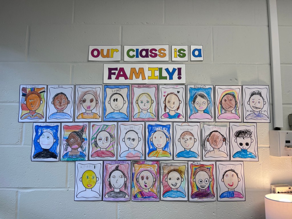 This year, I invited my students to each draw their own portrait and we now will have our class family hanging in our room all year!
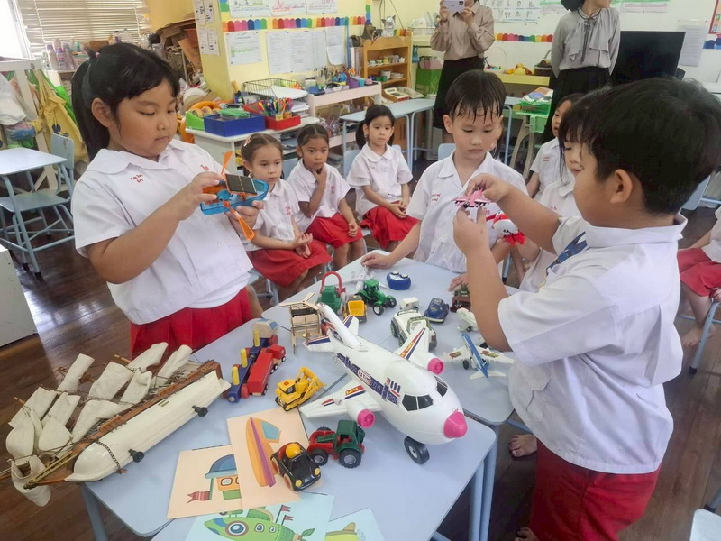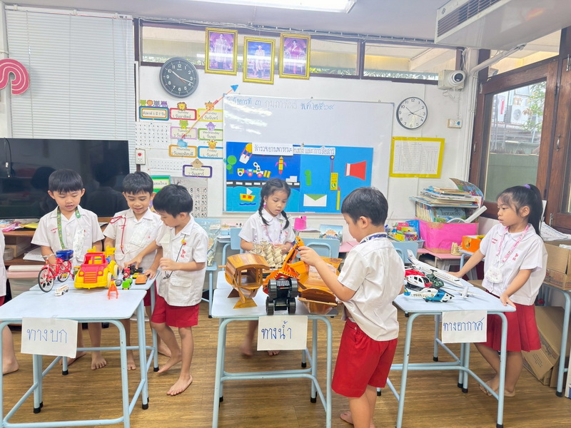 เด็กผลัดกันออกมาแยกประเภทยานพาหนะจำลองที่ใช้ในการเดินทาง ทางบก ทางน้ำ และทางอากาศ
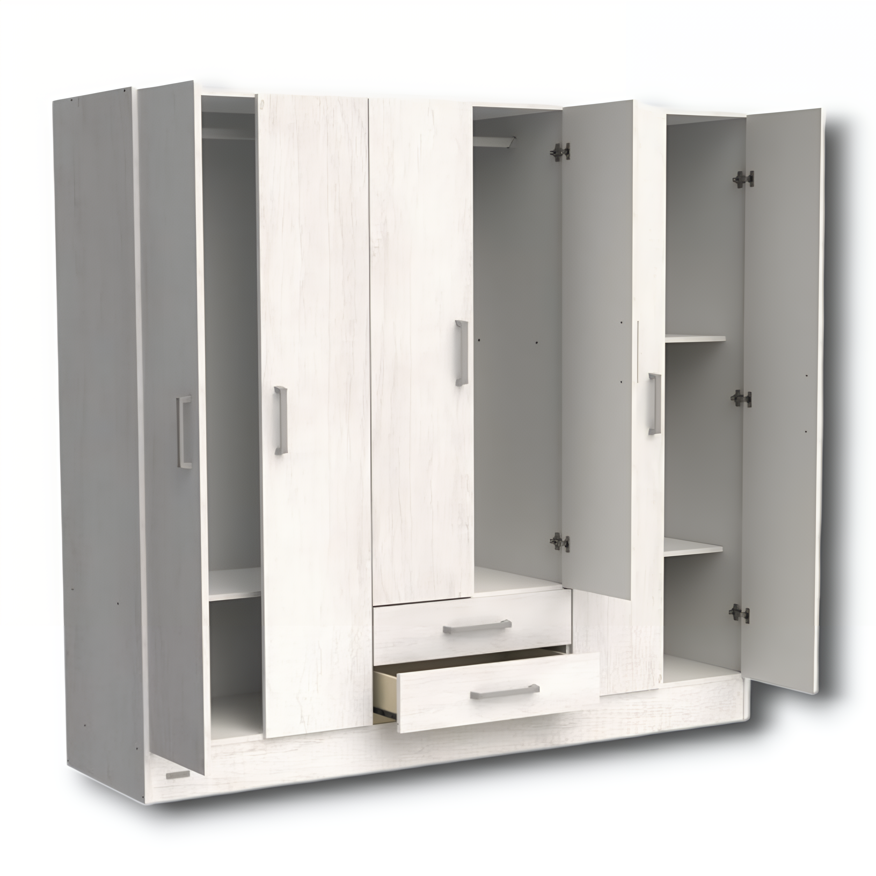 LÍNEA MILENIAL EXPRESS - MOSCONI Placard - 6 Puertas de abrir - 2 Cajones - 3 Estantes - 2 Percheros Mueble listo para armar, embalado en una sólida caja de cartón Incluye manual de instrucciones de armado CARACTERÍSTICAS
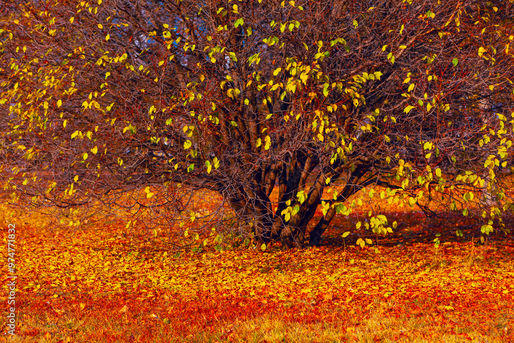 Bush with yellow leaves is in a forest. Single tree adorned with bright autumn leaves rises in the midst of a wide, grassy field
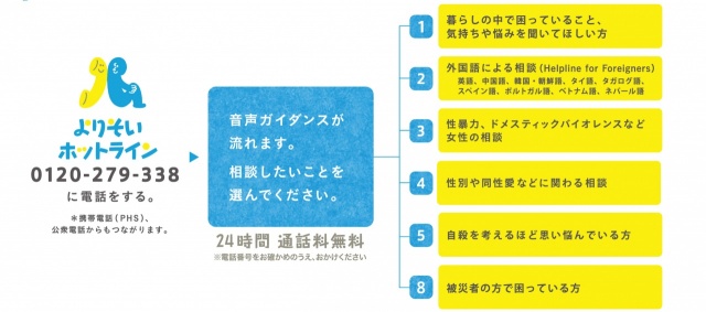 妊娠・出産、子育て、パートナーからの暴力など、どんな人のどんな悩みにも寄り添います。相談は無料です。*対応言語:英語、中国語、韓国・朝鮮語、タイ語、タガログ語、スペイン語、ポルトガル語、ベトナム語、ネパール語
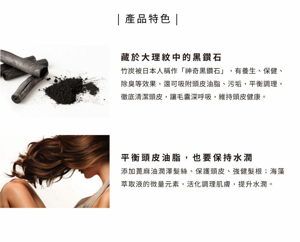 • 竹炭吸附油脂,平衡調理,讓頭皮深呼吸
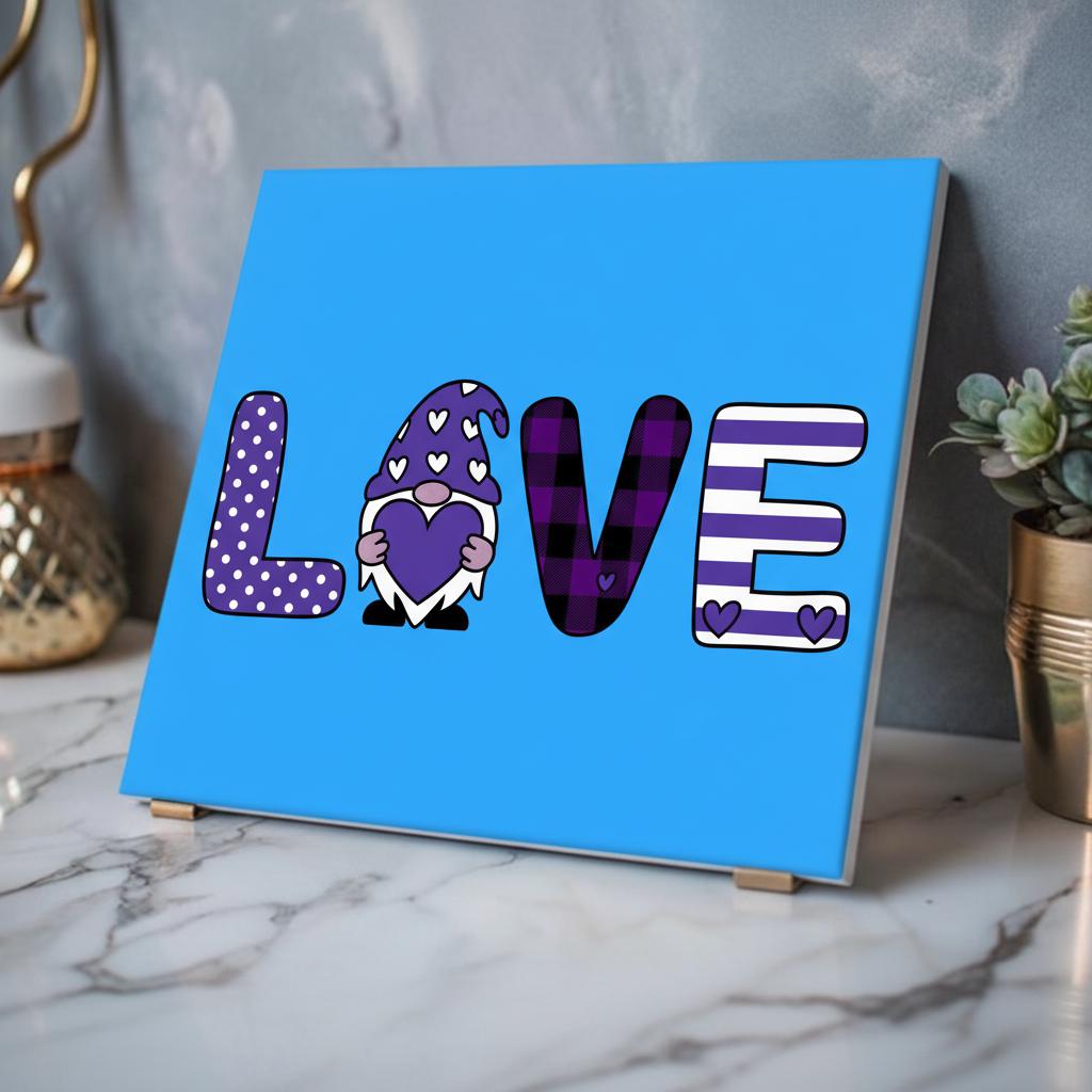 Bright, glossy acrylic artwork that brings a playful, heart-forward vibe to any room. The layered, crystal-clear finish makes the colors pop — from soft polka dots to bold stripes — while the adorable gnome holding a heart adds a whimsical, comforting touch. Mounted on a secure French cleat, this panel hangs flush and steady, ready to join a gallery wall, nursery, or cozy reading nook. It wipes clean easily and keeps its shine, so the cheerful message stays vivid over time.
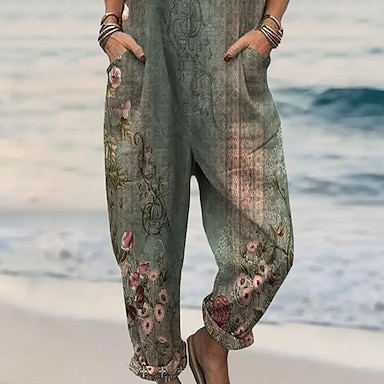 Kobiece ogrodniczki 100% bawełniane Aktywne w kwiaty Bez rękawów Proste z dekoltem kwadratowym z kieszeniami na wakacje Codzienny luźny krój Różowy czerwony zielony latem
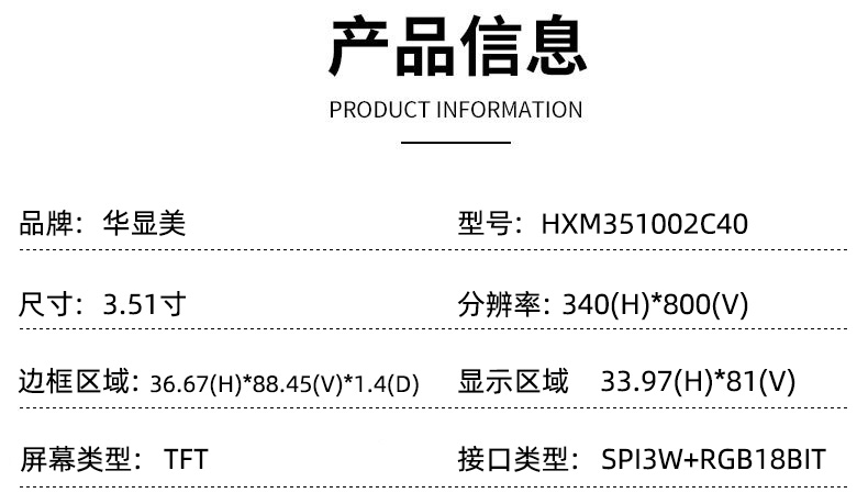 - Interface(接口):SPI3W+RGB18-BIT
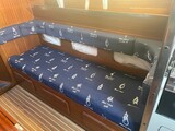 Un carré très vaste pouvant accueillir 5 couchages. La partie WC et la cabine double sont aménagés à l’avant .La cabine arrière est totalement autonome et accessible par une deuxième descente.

Work item:
Exclude the pictures, and transcribe all of the material exactly.

Exercise answer:
 This year, I invited my students to each draw their own portrait and we now will have our class family hanging in our room all year!
 เด็กผลัดกันออกมาแยกประเภทยานพาหนะจำลองที่ใช้ในการเดินทาง ทางบก ทางน้ำ และทางอากาศ
 LÍNEA MILENIAL EXPRESS - MOSCONI Placard - 6 Puertas de abrir - 2 Cajones - 3 Estantes - 2 Percheros Mueble listo para armar, embalado en una sólida caja de cartón Incluye manual de instrucciones de armado CARACTERÍSTICAS
 Bush with yellow leaves is in a forest. Single tree adorned with bright autumn leaves rises in the midst of a wide, grassy field
 妊娠・出産、子育て、パートナーからの暴力など、どんな人のどんな悩みにも寄り添います。相談は無料です。*対応言語:英語、中国語、韓国・朝鮮語、タイ語、タガログ語、スペイン語、ポルトガル語、ベトナム語、ネパール語
 • 竹炭吸附油脂,平衡調理,讓頭皮深呼吸
 Bright, glossy acrylic artwork that brings a playful, heart-forward vibe to any room. The layered, crystal-clear finish makes the colors pop — from soft polka dots to bold stripes — while the adorable gnome holding a heart adds a whimsical, comforting touch. Mounted on a secure French cleat, this panel hangs flush and steady, ready to join a gallery wall, nursery, or cozy reading nook. It wipes clean easily and keeps its shine, so the cheerful message stays vivid over time.
 Kobiece ogrodniczki 100% bawełniane Aktywne w kwiaty Bez rękawów Proste z dekoltem kwadratowym z kieszeniami na wakacje Codzienny luźny krój Różowy czerwony zielony latem
 - Interface(接口):SPI3W+RGB18-BIT
 Un carré très vaste pouvant accueillir 5 couchages. La partie WC et la cabine double sont aménagés à l’avant .La cabine arrière est totalement autonome et accessible par une deuxième descente.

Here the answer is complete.